A certain woman fainted 30 minutes before landing. There was commotion inside the plane. The flight attendant came to the rescue.
“What’s going on?” asked one Eritrean fellow to another.
“I think she is addicted to boon (Coffee),”he explained.
“So what are they doing?”
“They gave her some coffee and she is alive and chatting now.”
But this one is for real. A long while back during the Derg era, before flying to Gambella, Western Ethiopia, by Antonov, a Russian aircraft known for its soft landing but notorious for its cabin noise, my uncle and other passengers like him were instructed to each carry a barf bag and a wad of cotton.
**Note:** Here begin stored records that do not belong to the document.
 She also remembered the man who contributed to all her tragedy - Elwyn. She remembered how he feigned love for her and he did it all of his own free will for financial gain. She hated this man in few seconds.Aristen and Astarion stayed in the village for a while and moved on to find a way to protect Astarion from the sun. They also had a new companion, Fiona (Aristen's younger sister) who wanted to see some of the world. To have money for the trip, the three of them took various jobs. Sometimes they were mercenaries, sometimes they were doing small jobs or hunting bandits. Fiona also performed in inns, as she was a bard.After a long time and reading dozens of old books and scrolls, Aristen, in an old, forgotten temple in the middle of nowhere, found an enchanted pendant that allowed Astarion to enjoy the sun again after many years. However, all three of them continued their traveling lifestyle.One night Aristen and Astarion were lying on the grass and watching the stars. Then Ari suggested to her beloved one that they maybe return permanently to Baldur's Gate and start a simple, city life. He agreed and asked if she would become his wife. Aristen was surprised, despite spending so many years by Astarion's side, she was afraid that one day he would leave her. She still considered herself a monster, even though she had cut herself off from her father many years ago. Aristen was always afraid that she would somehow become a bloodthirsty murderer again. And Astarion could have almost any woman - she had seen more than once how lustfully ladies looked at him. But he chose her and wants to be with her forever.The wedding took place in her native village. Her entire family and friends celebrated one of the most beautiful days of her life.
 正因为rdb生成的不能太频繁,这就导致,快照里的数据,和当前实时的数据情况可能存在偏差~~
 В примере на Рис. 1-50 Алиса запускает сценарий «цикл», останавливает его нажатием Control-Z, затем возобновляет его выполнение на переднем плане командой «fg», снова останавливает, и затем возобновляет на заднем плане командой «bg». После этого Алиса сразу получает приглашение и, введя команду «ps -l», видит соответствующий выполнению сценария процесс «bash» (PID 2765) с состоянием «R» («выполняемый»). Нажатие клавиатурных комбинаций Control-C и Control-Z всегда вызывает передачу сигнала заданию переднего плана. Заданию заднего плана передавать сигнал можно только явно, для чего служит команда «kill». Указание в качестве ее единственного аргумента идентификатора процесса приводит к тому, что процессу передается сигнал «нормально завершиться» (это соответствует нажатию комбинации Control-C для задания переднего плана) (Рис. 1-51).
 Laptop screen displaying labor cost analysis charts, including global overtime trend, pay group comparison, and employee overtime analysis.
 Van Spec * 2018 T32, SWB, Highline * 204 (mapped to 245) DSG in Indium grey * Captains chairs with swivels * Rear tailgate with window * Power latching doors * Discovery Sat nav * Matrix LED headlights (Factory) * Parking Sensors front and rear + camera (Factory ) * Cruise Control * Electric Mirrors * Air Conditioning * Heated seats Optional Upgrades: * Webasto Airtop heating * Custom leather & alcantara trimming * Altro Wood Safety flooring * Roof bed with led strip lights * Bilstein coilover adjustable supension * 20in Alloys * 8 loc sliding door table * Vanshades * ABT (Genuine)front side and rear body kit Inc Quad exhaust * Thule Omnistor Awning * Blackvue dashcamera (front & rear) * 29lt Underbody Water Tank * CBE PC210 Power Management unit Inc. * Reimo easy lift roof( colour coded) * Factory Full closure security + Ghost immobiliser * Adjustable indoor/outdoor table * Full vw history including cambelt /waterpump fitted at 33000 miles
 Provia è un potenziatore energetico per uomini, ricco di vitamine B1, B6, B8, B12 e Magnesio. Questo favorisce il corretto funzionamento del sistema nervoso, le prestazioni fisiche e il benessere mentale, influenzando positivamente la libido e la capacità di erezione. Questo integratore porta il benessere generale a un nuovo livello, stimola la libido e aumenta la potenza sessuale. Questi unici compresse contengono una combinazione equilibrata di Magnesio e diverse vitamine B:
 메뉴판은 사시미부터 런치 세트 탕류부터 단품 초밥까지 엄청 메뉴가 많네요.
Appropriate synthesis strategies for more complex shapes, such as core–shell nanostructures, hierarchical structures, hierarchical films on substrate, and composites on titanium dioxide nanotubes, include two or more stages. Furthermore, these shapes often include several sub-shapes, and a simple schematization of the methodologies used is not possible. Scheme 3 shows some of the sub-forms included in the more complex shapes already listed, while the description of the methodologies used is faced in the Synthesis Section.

The first was meant to catch a runaway puke; the second was to save their eardrums from bursting.
That didn’t seem to bother the Russian pilots at all who kept on munching their onion burger. They were told to lie on the floor of the cabin. No chair, no cushion.
Again, about 40 years ago, my uncle–though at this point I have no idea how, on God’s green Earth, lucky he was to never crush in one of these planes–took a plane that looked like Douglas C47 sky train to a town across the border.
Anyway he boarded this World War II relic with a strained heart. The body of the plane slanted backward, because the aircraft’s hind tire is smaller than the front. Inside he saw some weird looking passengers standing on the back.
Someone has not taken his seat, so he thought he was the flight attendant.
“Can I have a drink?”
“Yes. In the next town.”
“How about a toilet?”
“You seem to have a weak bladder.”
“There is a gust of wind coming through the cracks on the door….”
“Take this piece of rug and tuck it in with all your might…”
The aircraft begins to descend. He looks out the window. No airport? He does the holy trinity and starts to pray. But there is an airport down there. It is a meadow where the cattle roam freely.
The humming of the air craft alerts the shepherd boys down below. They drive the angry cattle away from the grass airstrip. The pilots utter a sigh of relief and are ready to land. The plane touches the ground. After a bumpy ride to the makeshift terminal, it stops. The guests of the Douglas C-47 get down one by one, followed by some horned passengers with one-way ticket to the market place: sheep and goats.
“Thank you for flying with us,” says the flight attendant.
“Thanks to you!”
Upon hearing his comical sort of a story, I am reminded of the comment made by a certain foreign tourist upon her trip to a remote South African Village. Before boarding the same looking plane on her way to some archeological sites, she is reported to have said: Gentlemen, I am here to see historic places, not historic planes.